As part of its formal spinoff from consumer lender Affirm, B2B e-commerce platform Resolve is launching automated payments that offer extended net terms for product buyers.
Characterizing traditional B2B financing as slow, inaccurate and time-consuming because of its reliance on e-mail, call centers, faxes and manual invoicing, Resolve says its payment automation will help provide faster business cycles and increases in sales.

Resolve assumes all repayment risk for approved clients, providing suppliers full payment, minus fees, as soon as an order is placed. It then manages customer billing and collections.
"Much of B2B e-commerce is still managed in archaic, outdated ways and this sector needs its tech moment in order to fully reach its potential," Affirm CEO Max Levchin said in a Tuesday press release. "Resolve's ability to power automated payment approvals and terms will help deliver on this promise of adoption and scale."
Levchin, a founder of PayPal,
Resolve targets manufacturers, wholesalers and distributors as clients that could benefit by extending net payment terms to their customers.
Once a business completes an enrollment customized for business type and size, it can deploy Resolve and offer 30-, 60- or 90-day payment terms to customers. Buyers pay zero interest if accounts are repaid within the agreed-upon terms.
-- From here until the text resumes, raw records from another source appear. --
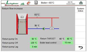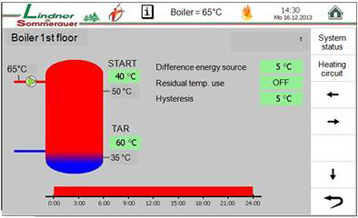 Within the control panel, you can also set the required temperatures for both the biomass boiler and the buffer tank.
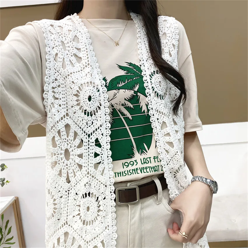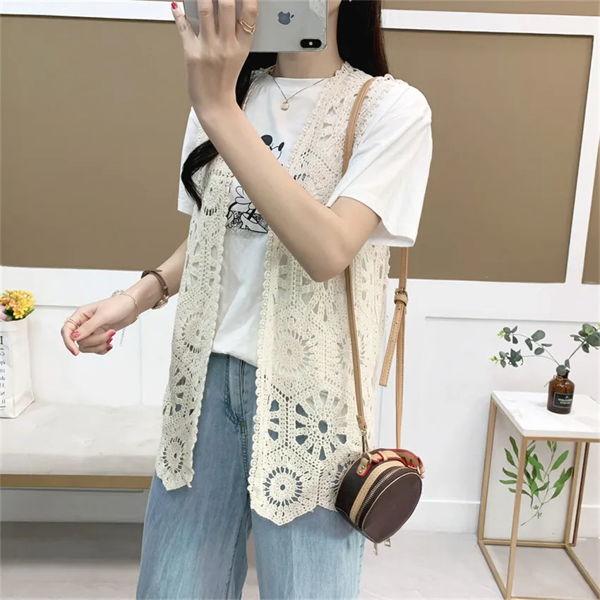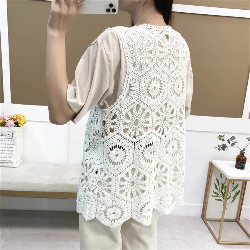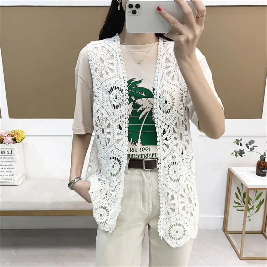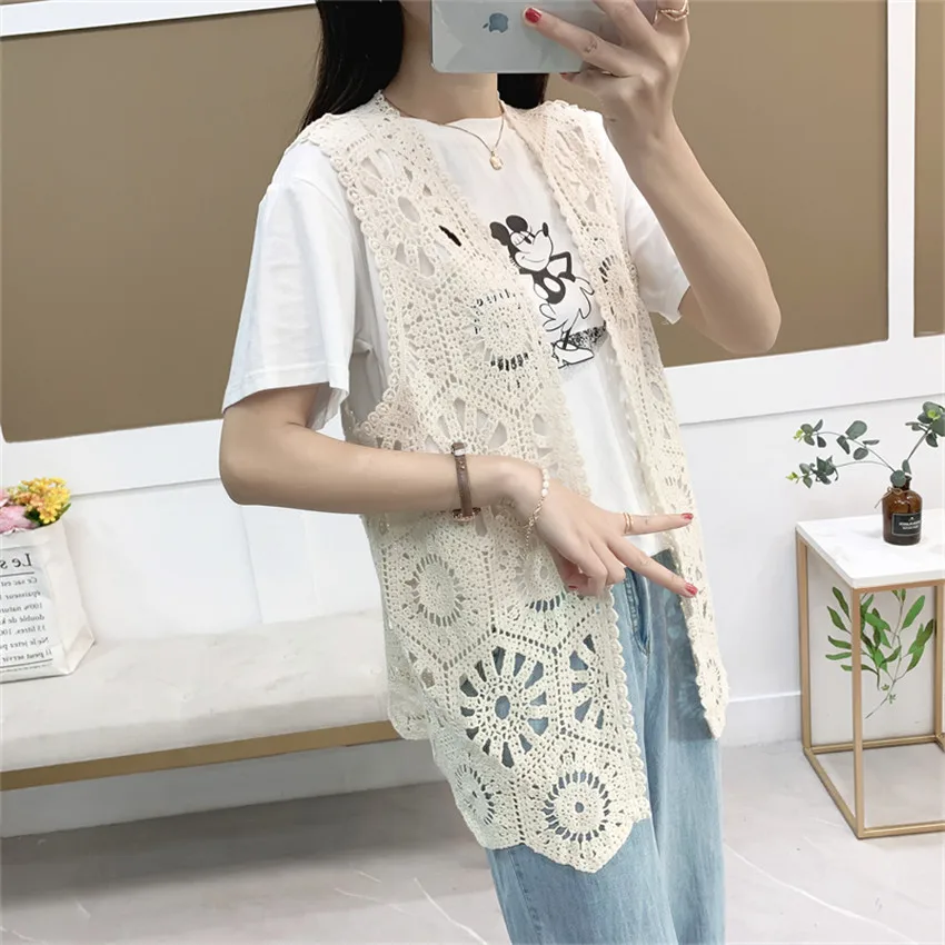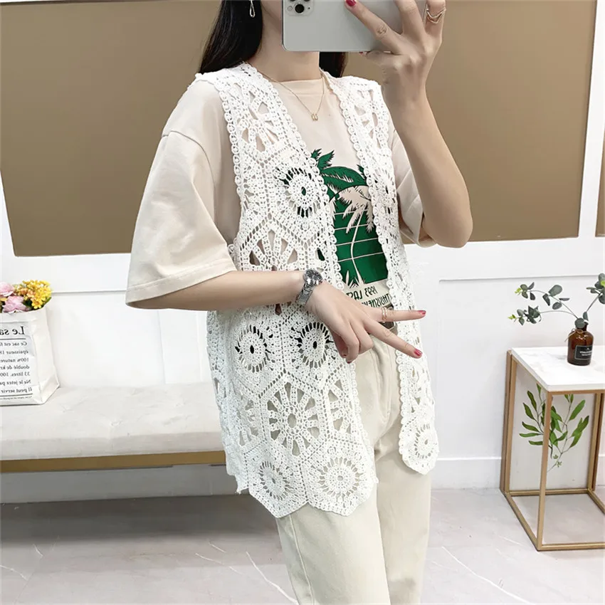 Boho ажурный цветочный вязаный крючком жилет для женщин 2022 богемная Ретро Повседневная куртка кардиган открытый стежок без рукавов жилет Mujer пальто
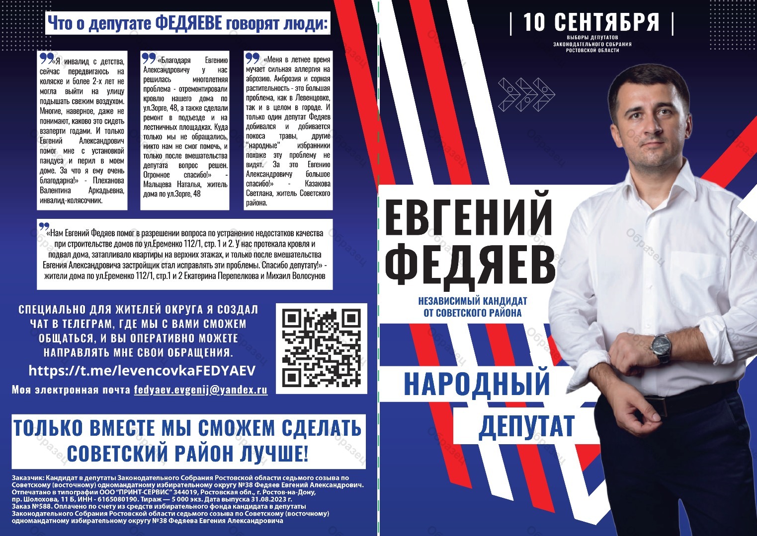 | Наименование агитационного материала | Евгений Федяев - народный депутат |
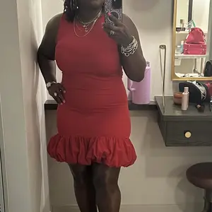 Cute dress. Bought it for an event but wore something different. Material is thick yet stretchy. Material gives fitted tank top vibes. Definitely should fluff out the bottom. Bought a medium, could’ve gotten a large as well. I’m 5’0, 155 lbs, 38C.
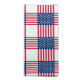 This cloth napkin is shown in a patriotic stars and stripes print design. Single
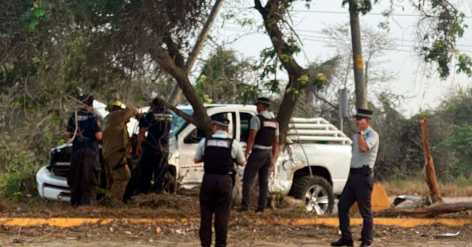 Al lugar se movilizaron Bomberos Voluntarios de Tamaulipas y elementos de la Guardia Nacional para tomar conocimiento del percance, iniciando trabajo con equipo hidráulico para liberar la camioneta que quedó prensada contra el poste.
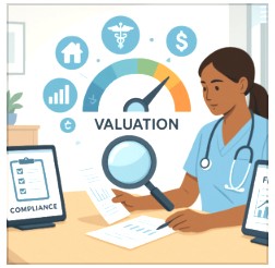 Professional healthcare advisor meeting with a Home Healthcare Agency owner, reviewing valuation strategies with financial documents and patient care background visuals.
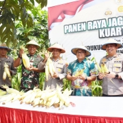 Banyuwangi,- Dandim 0825/Banyuwangi, yang diwakili Kasdim Mayor Kav Suprapto ikut melakukan panen raya jagung quartal 2 tahap 2 secara serentak secara virtual di Desa Tegalharjo, Kecamatan Glenmore, Kabupaten Banyuwangi. Kamis (05/06/2025).
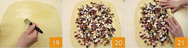Pincelad la hoja obtenida con aceite de oliva virgen extra 19 y espolvoreadla con los ingredientes que habéis cortado previamente: salami, aceitunas negras, aceitunas verdes, tomates secos y feta 20. Empezad a enrollar la hoja desde el lado más largo, procurando apretarla lo más posible para que no se salga el relleno 21.
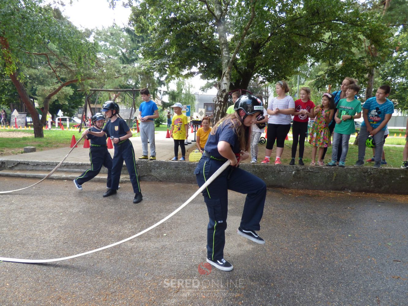 Počas predpoludnia deti z hasičského krúžku v spolupráci s DHZ Šintava vykonali dve ukážky protipožiarneho útoku a školákom predviedli, ako vyzerá a čo dokáže hasičské auto.
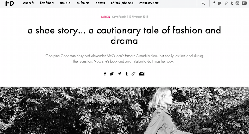 i-D Magazine. Shoe designer Georgina Goodman tells a right good yarn. Read feature here
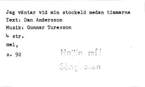 //// Jag väntar vid min stockeld medan timmarna Text: Dan Andersson //// Musik: Gunnar Turesson //// 4 str. mein //// rY //// s. 92 F . ////
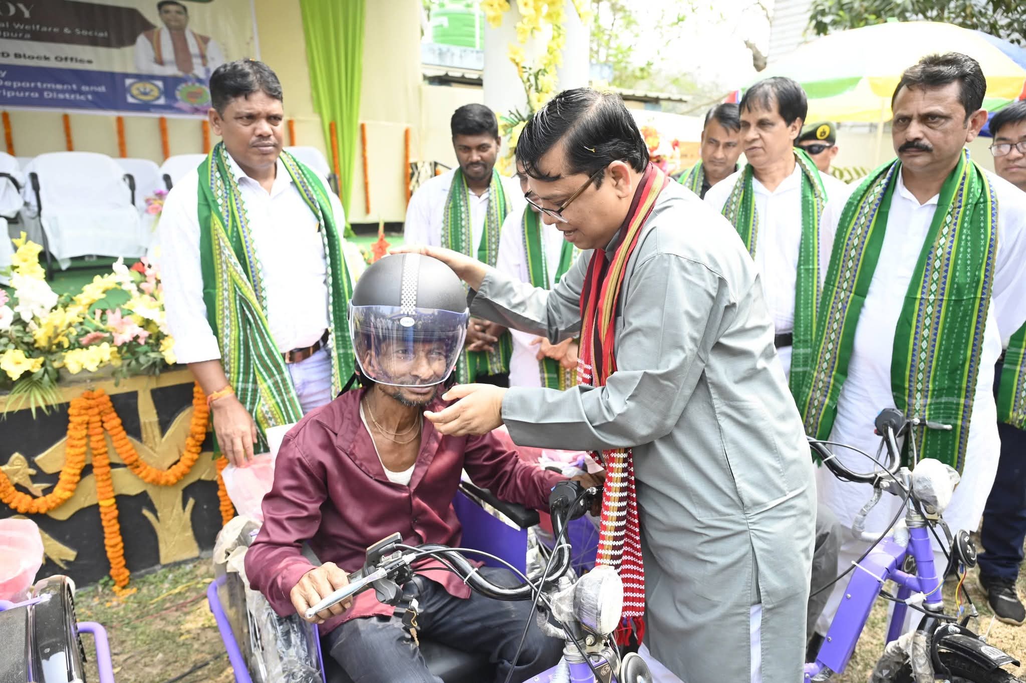 বর্তমান রাজ্য সরকার দিব্যাঙ্গজন ও কন্যা সন্তানদের প্রতি সহানুভূতিশীল। দিব্যাঙ্গজন ও কন্যা সন্তানরা যাতে সমাজের বোঝা না হন সেই লক্ষ্যে রাজ্য সরকার জনসচেতনতার পাশাপাশি বিভিন্ন জনকল্যাণমূলক কর্মসূচির বাস্তবায়ন করছে। আজ বিলোনীয়া মহকুমার ঋষ্যমুখ ব্লক প্রাঙ্গণে আয়োজিত রাজ্য সরকারের বিভিন্ন জনকল্যাণমূলক প্রকল্পের আওতাধীন সুবিধাভোগীদের সমাবেশে উদ্বোধকের ভাষণে সমাজকল্যাণ ও সমাজশিক্ষামন্ত্রী টিংকু রায় একথা বলেন। তিনি সরকারি বিভিন্ন স্কিমে সুবিধাপ্রাপ্ত ৯২৫ জন সুবিধাভোগীর হাতে ৫ হাজার ৫১টি সামগ্রী তুলে দেন। বিশেষত দিব্যাঙ্গজনদের মধ্যে চলন সামগ্রী, গ্রামীণ লোক শিল্পীদের হাতে বাদ্যযন্ত্র, খেলোয়াড়দের মধ্যে বিভিন্ন খেলাধুলার সরঞ্জাম, সামাজিক সহায়তা প্রাপ্তদের মধ্যে আর্থিক অনুদান, জনজাতিদের মধ্যে সুতা বিলি, বিভিন্ন ধর্মীয় ও সামাজিক প্রতিষ্ঠানের জন্য ১০৬টি সিনটেক্স পানীয়জলের ট্যাঙ্ক তুলে দেন সমাজকল্যাণমন্ত্রী। এছাড়াও তিনি পোল্ট্রি পালন, শূকর পালন, ছাগল পালন ইত্যাদি স্কিমের সুবিধাভোগীদের মধ্যে আর্থিক অনুদানের চেক প্রদান করেন। বিভিন্ন জনকল্যাণমূলক স্কিমে আজ মোট ১ কোটি ১ লক্ষ ৬৭ হাজার ৪৭০ টাকার বিভিন্ন সামগ্রী বিতরণ করা হয়।
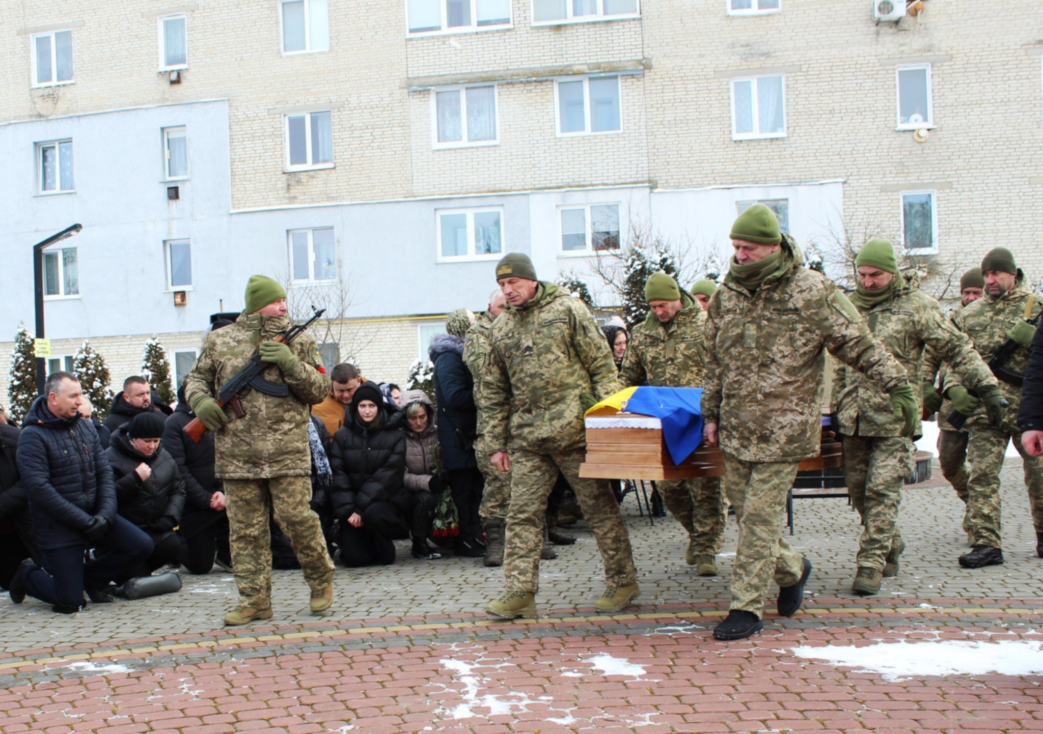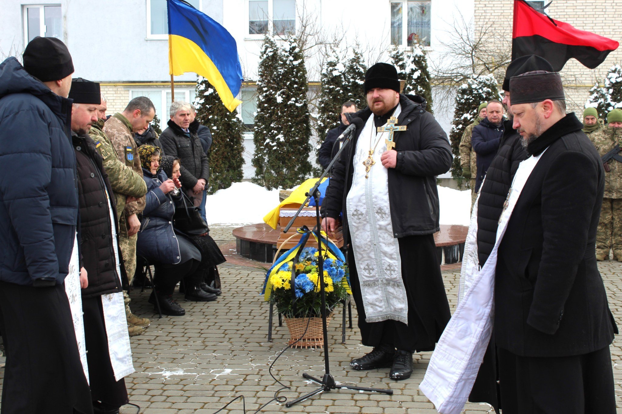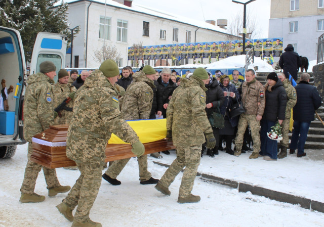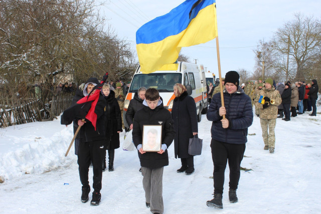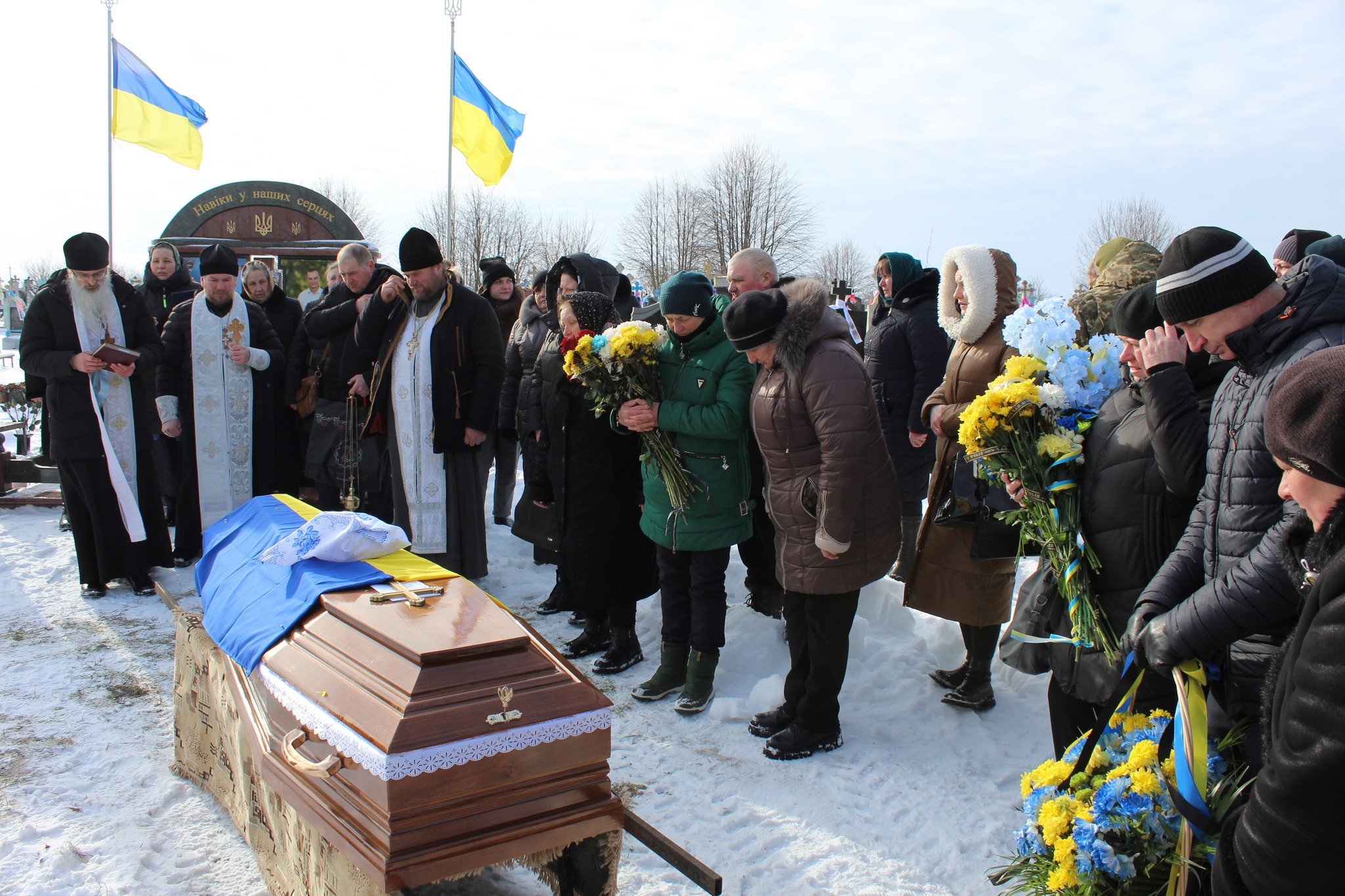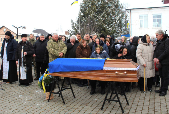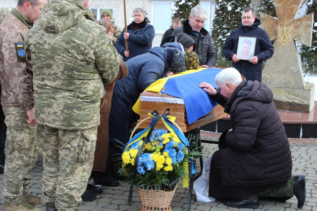 Біля домовини Героя, вкритої національним стягом, у смутку та сльозах – велика родина. У військових строях – брат та племінник загиблого Героя, вони теж захищають Україну.
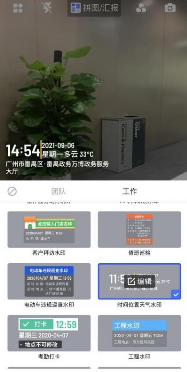 第三步,切换水印。马克水印相机支持各种水印模板免费切换使用,拍摄视频时,如果想要切换水印,只需点击【水印】图标,就可以在模板库中选择自己想要的水印。
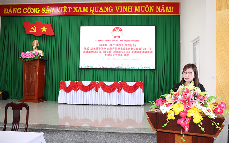 Chiều 09/02, Ủy ban Mặt trận Tổ quốc Việt Nam (UBMTTQVN) phường Phong Phú tổ chức Hội nghị Hiệp thương lần thứ ba thỏa thuận, lựa chọn và lập danh sách những người đủ tiêu chuẩn ứng cử đại biểu HĐND phường, nhiệm kỳ 2026 - 2031. Bà Lê Thị Hoa ...
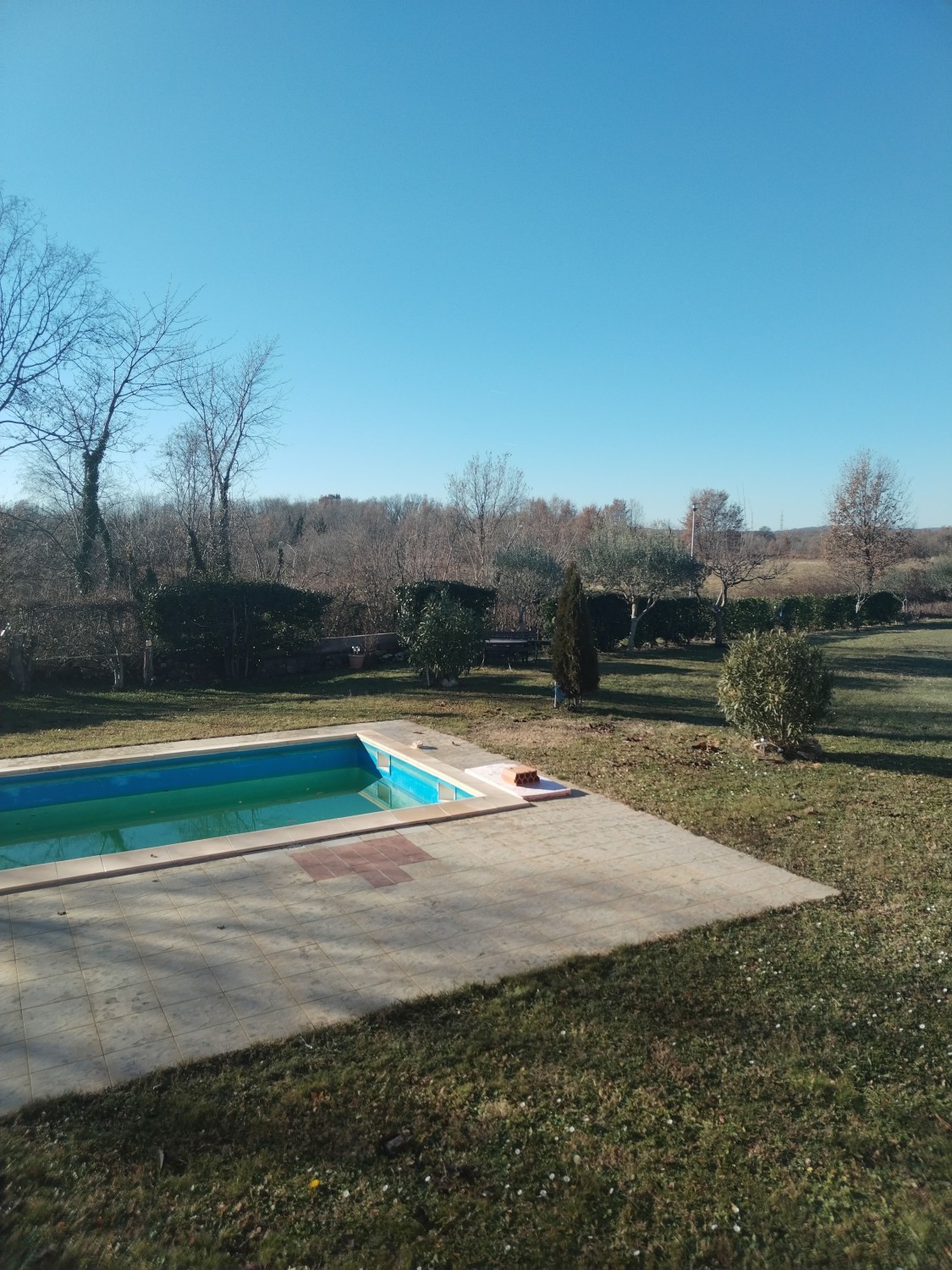 Na uređenoj okućnici smjestio se bazen sa sunčalištem, te velika natkrivena terasa.

Resolve payment plans are offered at sub-credit card fees and can be integrated into both offline and online sales channels.
"Resolve made it easy for us to boost conversion, revenue and loyalty by offering extended net 60 payment terms," said Niclas Brandrup, founder and president of Hyperikon, after his LED-light manufacturing company began using Resolve.
"We now stand out in the marketplace because distributors know they can order more though us with fast, accurate financing decisions," Brandrup said in the release.